# New Niece/nephew contest



## OpusEx (Oct 31, 2003)

Alright, my sister is about to bless me with another (3rd) niece or nephew. Her original due date was November 26th, but the Dr. is supposed to induce on the 18th (due to the fact that her Dr. practices near where she and my brother in law used to live and they want to stick with him). However, this being my sisters 3rd child she seems to think recent "movements" tell her that the baby may be born even before the inducement date. So, armed with all this information, you're mission if you choose to accept it is:

Correctly guess the:

Date of birth
Time
Gender
Length
Weight

You may guess as often as you like and I will pick the winner based on the closest. One caveat, you must be a member of CS as of the date of this post.

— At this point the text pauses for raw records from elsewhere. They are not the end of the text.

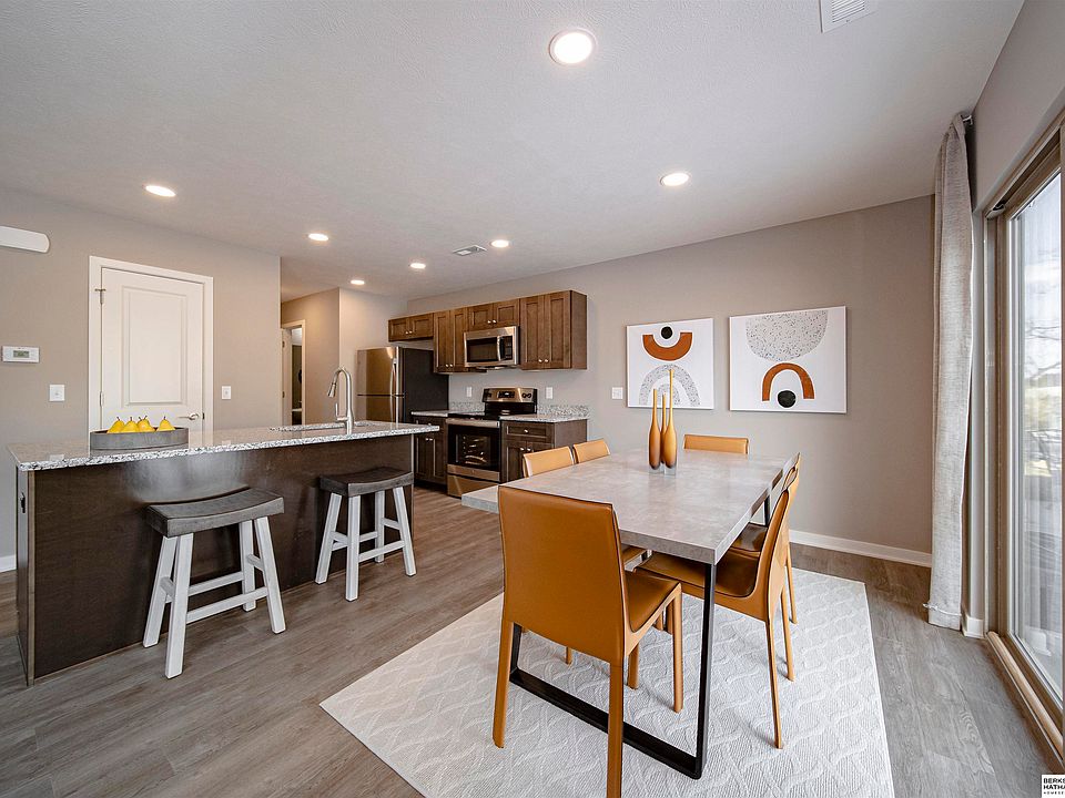 The Townhomes of Village Pointe by OMAHA EASY LIVING. Affordable living with high end finishes. 2 story townhome. ALL appliances including WASHER/DRYER, FRIDGE. Open living/dining/kitchen with large pantry. 3 bedrooms, laundry and storage upstairs. LVT throughout main & low profile designer carpet up. Agent has equity. Monthly HOA fee of $110 incl. lawn, snow, trash. INVESTOR & AIRBNB FRIENDLY!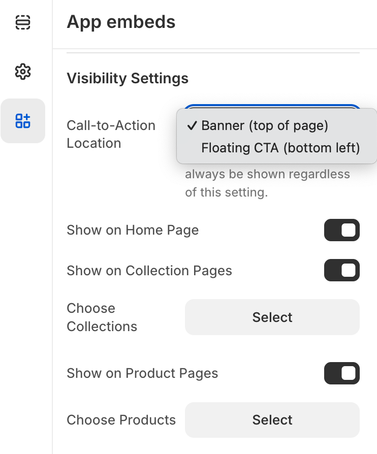 Show on Collection Pages – Enable this option and click Choose Collections to target specific ones.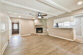 Charming one-story home nestled on a quiet cul-de-sac in Lakewood Heights,just minutes from Lake Houston! Situated on an oversized,tree-filled lot,this property offers a rare park-like setting with plenty of privacy. The interior has been recently updated with fresh paint and modern fixtures throughout. This 3-bedroom,2-bath home features a spacious living area with a cozy gas log fireplace and abundant natural light. The kitchen comes fully equipped with a gas cooktop,electric oven,microwave,dishwasher,and refrigerator. All bedrooms are conveniently located on the first floor. Enjoy a fully fenced backyard with two separate fenced areas,a patio/deck,and mature trees—perfect for relaxing or entertaining. Additional features include a detached 2-car garage,boat/trailer parking,storage shed,Low-E windows,and recent HVAC. Close to lake access,fishing,and boating. Pets considered case-by-case. Move-in ready! Available May 1st. MLS# 68492253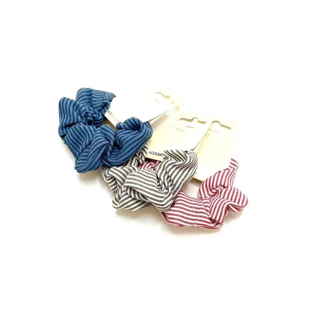 Card of 1 Stripe Scrunchy, Red, Blue Green 3 Colors Mixed

While I don't have the collection of some of the more esteemed members here, it's not bad 

The prize:
1 RyJ Churchill 98
1 VR Famoso 97
1 Bolivar PC 97
1 early 80's ERDM panatela larga
1 ERDM Demi tasse 90
1 LGC Med. #1 98
1 Toboada Salamone


----------



## El Rey del Mundo (Jul 11, 2004)

Date of birth: 18 November
Time: 00:19:20
Gender: Male
Length: 60 cm (Arrrrgh. Dont know about inches and feet here!)
Weight: 1.5 kg (Dont know of the pounds either...)


----------



## OpusEx (Oct 31, 2003)

El Rey del Mundo said:


> Date of birth: 22 November
> Time: 00:19:20
> Gender: Male
> Length: 60 cm (Arrrrgh. Dont know about inches and feet here!)
> Weight: 1.5 kg (Dont know of the pounds either...)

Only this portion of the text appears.